** DATA TO EXAMINE **
◆ ◆ ◆ ◆ ◆
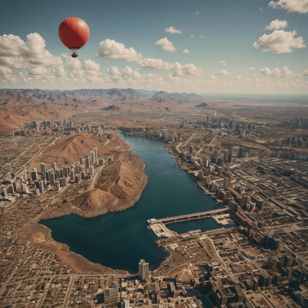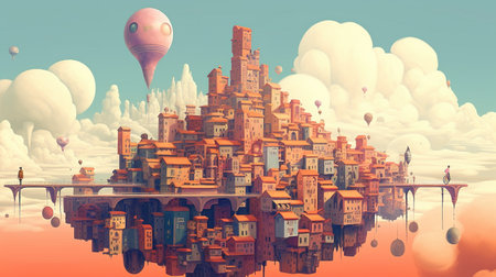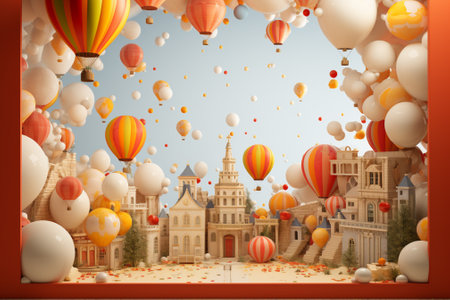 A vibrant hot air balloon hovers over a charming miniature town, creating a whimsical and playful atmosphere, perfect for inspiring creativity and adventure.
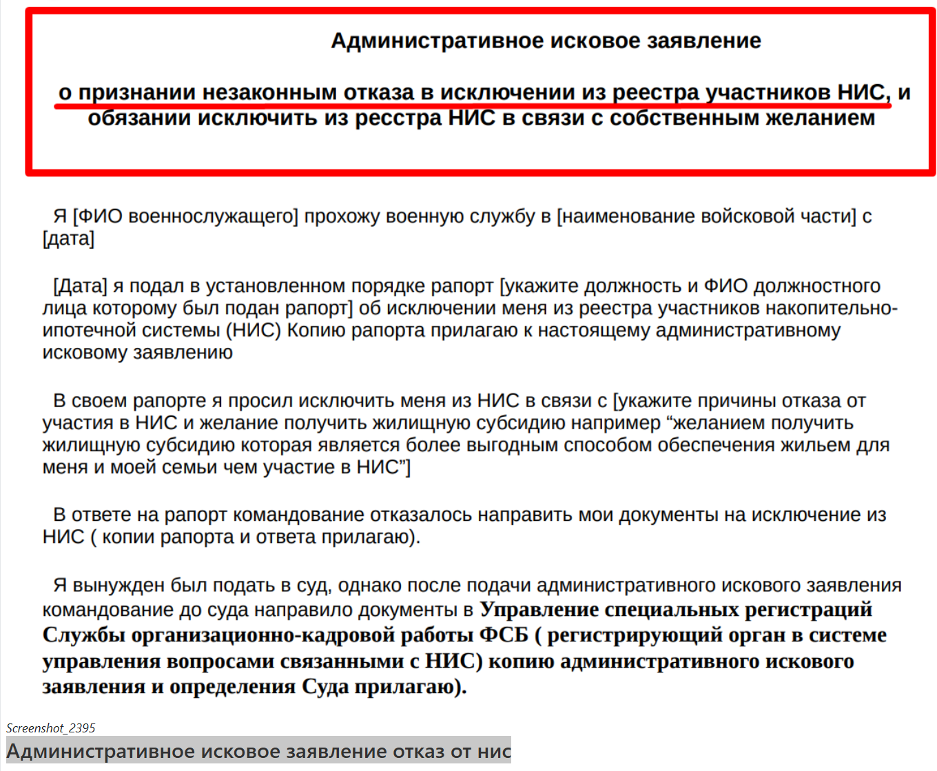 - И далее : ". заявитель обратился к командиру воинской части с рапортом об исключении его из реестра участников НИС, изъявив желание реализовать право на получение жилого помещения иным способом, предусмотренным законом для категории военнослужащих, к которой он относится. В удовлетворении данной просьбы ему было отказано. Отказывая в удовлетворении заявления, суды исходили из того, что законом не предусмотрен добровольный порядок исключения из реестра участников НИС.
◆ ◆ ◆ ◆ ◆
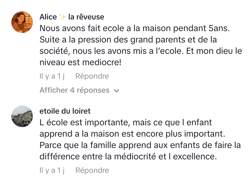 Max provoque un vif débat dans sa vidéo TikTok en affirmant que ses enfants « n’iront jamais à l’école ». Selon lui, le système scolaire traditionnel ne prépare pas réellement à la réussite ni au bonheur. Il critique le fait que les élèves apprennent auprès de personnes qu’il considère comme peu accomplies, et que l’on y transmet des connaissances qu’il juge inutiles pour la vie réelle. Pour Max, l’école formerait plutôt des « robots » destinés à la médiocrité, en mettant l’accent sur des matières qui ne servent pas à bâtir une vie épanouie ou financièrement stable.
◆ ◆ ◆ ◆ ◆
** ASSIGNED TASK **
For this exercise, please set down exactly the lines of the listing above from the line with "A vibrant hot" up to and including the line with "реестра участников НИС.", and no pictures.

** ANSWER BOX **
 A vibrant hot air balloon hovers over a charming miniature town, creating a whimsical and playful atmosphere, perfect for inspiring creativity and adventure.
 - И далее : ". заявитель обратился к командиру воинской части с рапортом об исключении его из реестра участников НИС, изъявив желание реализовать право на получение жилого помещения иным способом, предусмотренным законом для категории военнослужащих, к которой он относится. В удовлетворении данной просьбы ему было отказано. Отказывая в удовлетворении заявления, суды исходили из того, что законом не предусмотрен добровольный порядок исключения из реестра участников НИС.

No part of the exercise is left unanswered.